Neuritis .Symptoms from the peripheral nerves can be observed with direct compression of the roots and nerves with a tumor. The girdling character of pain in the chest indicates the involvement of the intercostals of the intercostal nerves in the process, and the pain in the arm - the first thoracic root of the brachial plexus.
The compression of the recurrent nerve causes aphonia, attacks of suffocation, coughing. Paralysis of the recurrent nerve usually indicates the penetration of a cancerous tumor into the mediastinum. The compression of the vagus nerve is manifested by slowing or accelerating the pulse, paroxysms of convulsive coughing. The compression of the medullary nerve causes a painful hiccup and paralysis of the diaphragm.
Syndrome Pankosta .Lung cancer, located in the area of the upper pulmonary furrow, causes a peculiar combination of symptoms, known as Pancost syndrome. In this case, there are pains in the shoulder joint in the hand, Horner's syndrome, sometimes atrophy of the small muscles of the hand. As a result of involvement of the cervical sympathetic knot in the process, sweating on the corresponding arm, half of the face and neck disappears. Radiography reveals usuras at the base of the I-II cervical rib. Sometimes the puffiness of the hand, which testifies to compression of the subclavian vein, joins this syndrome.

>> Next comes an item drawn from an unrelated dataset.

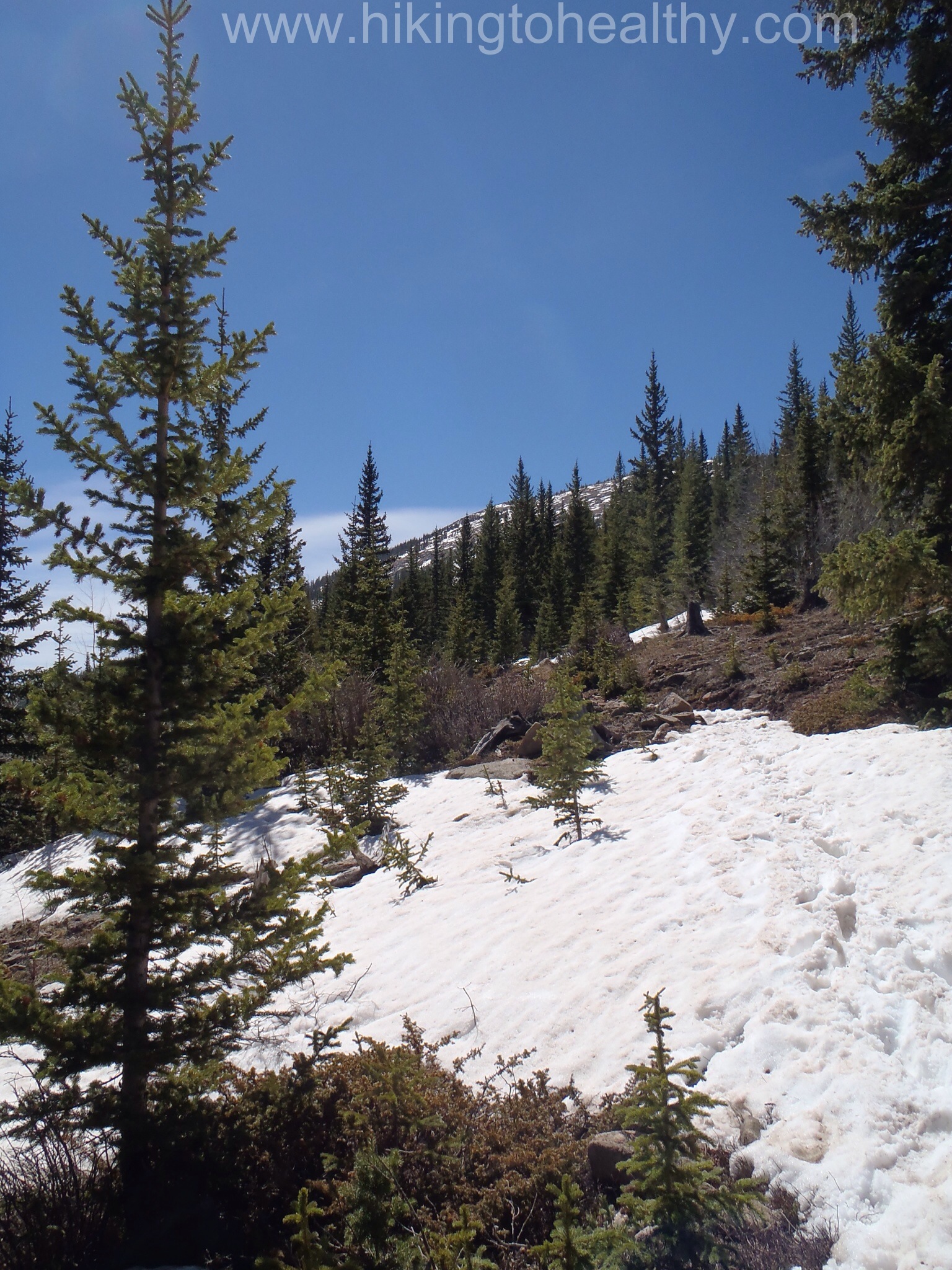 Ahh how we are gluttons for punishment! This past week was another perfect, warm week in Denver and as a result we convinced ourselves that we would try Ben Tyler ( Hike Details here) this weekend in hopes the snow was manageable enough to make it to the top. I cannot tell you how desperate I am getting to see the top of this hike and so the hike started out almost perfect plus we heard other hikers talk about the peak as if it was clear. We started up the switchbacks pretty optimistic and as we took in the view around the 2nd or 3rd traverse we started to wonder….

Polyneurite .In lung cancer, as in malignant tumors of other localization, typical polyneuritis is observed, the cause of which is considered to be toxic factors, in particular, the increased disintegration of proteins and the release of other toxic products of metabolism by the tumor. According to V. V. Mikheev, cancer polyneuritis is similar to polyneuritis in case of alimentary dystrophy and beriberi. The author connects their pathogenesis with cancerous cachexia. The development and severity of polyneuritis may not proceed in parallel with the severity of cachexia, therefore, when symptoms of polyneuritis appear in the elderly, among other reasons, one should recall the possibility of a malignant tumor.
Sometimes the syndrome of simultaneous destruction of several peripheral nerves is caused by metastases, especially if the latter are located in the spine or skull. Enlarged lymph nodes can cause compression of the cervical or lumbar plexus.